Our work was based on the analytical chemistry law in co-ordination compounds and the analysis of N-doped CQDs. For example, the interaction between nitrogen centres in dots and, in the widespread literature, copper or nickel contaminates conditions due to complex formation on the surface [25,26]. Presumably, the physicochemical properties of the surface must correlate with the properties of the precursors. Thus, the denticity of complexion, stability constants, crystal field stabilization energy (CFSE), and cation radius are critical [27]. In theory, the nitrogen-containing ligands with saturated donor bonds show a promising correlation according to the Irwing–Williams series [28], due to complex formation on the surface with various ranges of stability [29].

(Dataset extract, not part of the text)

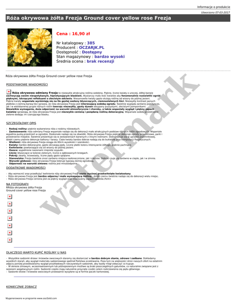 Informacje o produkcie Utworzono 07-03-2017 Róża okrywowa żółta Frezja Ground cover yellow rose Frezja Cena : 16,90 zł Nr katalogowy : 385 Producent : OCZARJK.PL Dostępność : Dostępny Stan magazynowy : bardzo wysoki Średnia ocena : brak recenzji PODSTAWOWE WIADOMOŚCI er m ar k Róża okrywowa żółta Frezja Ground cover yellow rose Frezja Róża okrywowa odmiany Frezja to niezwykle atrakcyjna roślina ozdobna. Piękne, liczne kwiaty o uroczej, żółtej barwie zachwycają swoim niespotykanym, hipnotyzującym blaskiem. Wystarczy mała ilość kwiatów aby fenomenalnie rozświetlić ogród pięknymi, iskrzącymi refleksami o złocistym odcieniu. Niesamowite kwiaty gęsto otulają roślinę od wiosny do późnej jesieni. Piękne kwiaty wspaniale wyróżniają się na tle gęstej zasłony błyszczących, ciemnozielonych liści. Niezwykły kontrast jasnych płatków z ciemną barwą liści sprawia, że róża okrywowa Frezja jest interesującą ozdobą ogrodu. Świetnie wygląda zarówno pojedynczo, jak i w wielobarwnej grupie różnych roślin tworząc niezwykły, gęsty dywan obsypany puszystymi, złocistymi pomponikami. Niewielkie wymagania, duża odporność na warunki atmosferyczne i choroby, a także wspaniały wygląd i piękny zapach kwiatów sprawiają, że róża okrywowa Frezja jest niezwykle cenioną i pożądaną rośliną dekoracyjną. Wspaniale ozdobi przestrzenie zielone dodając im czarującego blasku. SZCZEGÓŁOWY OPIS - Rodzaj rośliny: pięknie wybarwiona róża z rodziny różowatych. - Zastosowanie: róża odmiany Frezja wspaniale nadaje się do dekoracji mało atrakcyjnych podstaw różnych roślin ogrodowych. Wspaniale wypełnia pustą przestrzeń w ogrodzie. Doskonale nadaje się na obwódki. Róża okrywowa Frezja pięknie dekoruje ogrody przydomowe, parki i przestrzenie miejskie. Świetnie prezentuje się w zestawieniach barwnych z innymi roślinami. Dobrze czuje się w uprawie pojemnikowej, dzięki czemu pięknie dekoruje balkony i tarasy. Cięte kwiaty bardzo dobrze nadają się do bukietów oraz kompozycji florystycznych. - Wielkość: róża okrywowa Frezja osiąga do 60cm wysokości i szerokości. - Kwiaty: bardzo dekoracyjne, gęsto okrywają pędy. Liczne płatki koloru intensywnie żółtego, pięknie pachnące. - Kwitnienie: powtarzające się od wiosny do późnej jesieni. - Owoce: wypełnione nasionami mięsiste szypułki. - Liście: błyszczące w kolorze zielonym, liczne o ząbkowanych brzegach. - Pokrój: zwarty, krzewiasty, liczne pędy gęsto splątane. - Stanowisko: Frezja świetnie znosi zarówno miejsca nasłonecznione, jak i cieniste. Dobrze czuje się zarówno w cieple, jak i w zimnie. - Warunki glebowe: róża okrywowa Frezja toleruje typową ziemię ogrodową. - Odporność na warunki zimowe: roślina jest mrozoodporna. DODATKOWE WIADOMOŚCI NA FOTOGRAFII at - Aby wzmocnić oraz przedłużyć kwitnienie róży okrywowej Frezji warto wycinać przekwitnięte kwiatostany. - Róża okrywowa Frezja jest bardzo odporną i mało wymagającą rośliną,, dzięki czemu świetnie nadaje się do dekoracji wielu miejsc. - Róża okrywowa Frezja ceniona jest za piękny wygląd oraz intensywny zapach kwiatów./font> w RRóża okrywowa żółta Frezja Ground cover yellow rose Frezja DLACZEGO WARTO KUPIĆ ROŚLINY U NAS - Wszystkie sadzonki drzew i krzewów owocowych staramy się dostarczać w bardzo dobrym stanie, zdrowe i zadbane. Dokładamy wszelkich starań, aby wygląd materiału sadzeniowego spełniał Państwa oczekiwania. Poza tym na większości stron naszych ofert na ostatnim zdjęciu poniżej przedstawiamy wygląd przykładowych rzeczywistych sadzonek, aby każdy mógł zobaczyć co kupuje. - W okresie zimowym, wczesnowiosennym lub późnojesiennym możliwe są braki poszczególnych gatunków, co naturalnie związane jest z sezonem wegetacyjnym roślin. Sadzonki często mają naturalnie przycięte czubki celem rozkrzewienia się pędu głównego. - Sadzonki drzew i krzewów owocowych przeważnie wysyłane są w formie paczki kartonowej. KONIECZNIE ZOBACZ Wygenerowano w programie www.oscGold.com er m ar k at w

In this work, ethylenediamine and diethylenetriamine, Trilon A (nitrilotriacetic acid), Trilon B (ethylenediaminetetraacetic acid), and Trilon C (diethylenetriaminepentaacetic acid) as precursors with an amino group, particularly with -C-NH2 fragments, were explored. The investigation focused on the co-ordination processes around the CQDs in cationic metal solutions as surface reactivity analysis by fluorescence quenching. The results identify fundamental terms of the CQDs’ surface for sensing applications. We revealed patterns for the carbon core with nitro or Trilon (A, B and C) groups by fast and low-cost microwave heating. The results demonstrate the opportunity to form functional claws from precursors on the CQDs’ surface, and rendered the main properties close to the initial complexing agent.

2. Materials and Methods

2.1. Reagents and Materials

The first synthesis stage included citric acid (99.8%) and ammonium carbonate (99.0%) as precursors for carbon core formation. The amino and claw functionalization were provided by ethylenediamine (En), diethylenetriamine (Dien), nitrilotriacetic acid (NTA, Trilon A), ethylenediaminetetraacetic acid (EDTA, Trilon B), and diethylenetriaminepentaacetic acid (DTPA, Trilon C) powders. High-purity (99.9%) metal salts such as CuCl2, CaCl2, MgCl2, FeCl2, NiCl2, ZnCl2 were used as pollution contaminants. In all the experiments, deionized water was used as a dispersant.

2.2. Synthesis Part

The CQDs with chelate claws and nitro functionalization were synthesized in a two-stage microwave irradiation route. The carbon quantum core was first prepared by mixing highly dispersed powder of citric acid and ammonium carbonate in a ceramic crucible at a 2:1 molar ratio of 6 g (50 mL volume). It was heated for 3 min and 30 s under 700 W of microwave irradiation, and the temperature afterward was near 150–170 °C via an IR thermometer. The dark brown primary product was cooled down to room temperature and then dispersed in 25 mL of deionized water for 10 min in a US-bath treatment (frequency of 35 kHz). The core purification (CQD-CO3) was performed by centrifuging at 6000 rpm for 30 min. The final precipitate was dried in the incubator at 60 °C, and the obtained dry residues were milled. Its carbon powder was named CQD-CO3.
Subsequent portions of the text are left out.